Bagi saya, yang awam dalam persoalan ketuhanan, tak penting untuk dipertanyakan. Yang harus kita ungkap adalah, mengapa agama begitu penting bagi manusia? Atau butuhkah manusia dengan agama?

Agama itu sebuah pilihan
Husein al-Kaff, Assatidz Hauzah Ilmiyah Al-Jawad Bandung, menyebutkan bahwa manusia merupakan satu spesies makhluk yang unik dan istimewa dibandîng makhluk-makhluk lainnya. Sebab ia berasal dari unsur hewani (materi) dan unsur ruhani (immateri). Bila dilihat dari sisi hewani, manusia bisa dikategorikan binatang. Namun dari kekuatan fisiknya, manusia tak bisa melebihi binatang—karena punya kelebihan-kelebihan yang tak dimiliki manusia.

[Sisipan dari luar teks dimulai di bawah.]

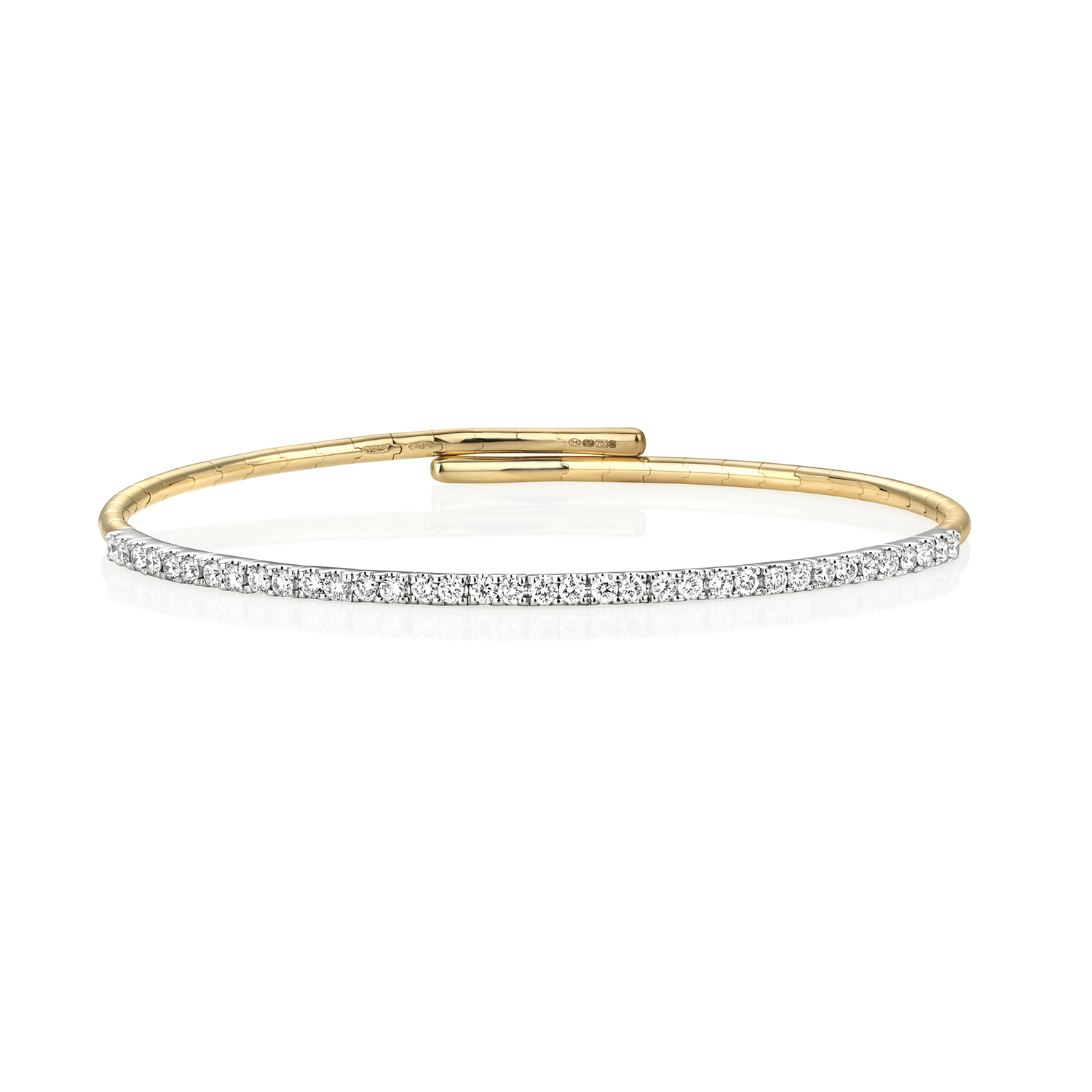 A stunning Diamond flexi bangle manufactured in 18 carat yellow gold. Set with an impressive 0.75 carats of Diamonds. This will make a stunning gift for that special person.

Namun bila menyimak al-Quran Surat An-Nisa ayat 28 dan Ar-Rum ayat 54, Allah SWT menyatakan bahwa manusia diciptakan dalam keadaan lemah. Kemudian menjadi kuat, lalu setelah kuat kalian menjadi lemah dan tua. Karena itu, menurut Husein, sangat tak pantas bila manusia berbangga dengan penampilan fisiknya. Memang harus diakui kelebihan manusia terletak pada unsur ruhani (hati dan akal). Dengan akal, manusia yang lemah secara fisik dapat menguasai dunia dan mengatur segala yang ada di atasnya. Unsur akal pada manusia, awalnya masih berupa potensi (bil-quwwah) yang perlu difaktualkan (bil-fi’li) dan ditampakkan. Karenanya, wajar bila ada manusia yang lebih utama dari sebagian lainnya—karena hasil usahanya sendiri. Bahkan ada pula manusia yang menampakkan potensinya itu hanya untuk memuaskan tuntutan hewaninya—bahkan lebih dari hewan (QS. Al-A’raf : 170 dan Al-Furqan : 42).

Selain akal dan hati, fitrah termasuk unsur ruhani. Fitrah ini merupakan modal terbesar manusia untuk maju dan sempurna. Ayatullah Syahid Murtadha Muthahhari menyebutkan ada lima macam fitrah (kecenderungan) dalam diri manusia, yaitu mencari kebenaran (haqiqat), condong kepada kebaikan, condong kepada keindahan, berkarya (kreasi) dan cinta (isyq) serta kecendrungan untuk beragama.

Bila kita cermati, kecenderungan beragama ini merupakan fakta yang ada pada tiap diri manusia. Sadar atau tidak, manusia punya kecenderungan untuk menghubungkan dirinya dengan kekuatan yang Mahasempurna dan Mahasegalanya—sebagai bentuk ketidakberdayaannya.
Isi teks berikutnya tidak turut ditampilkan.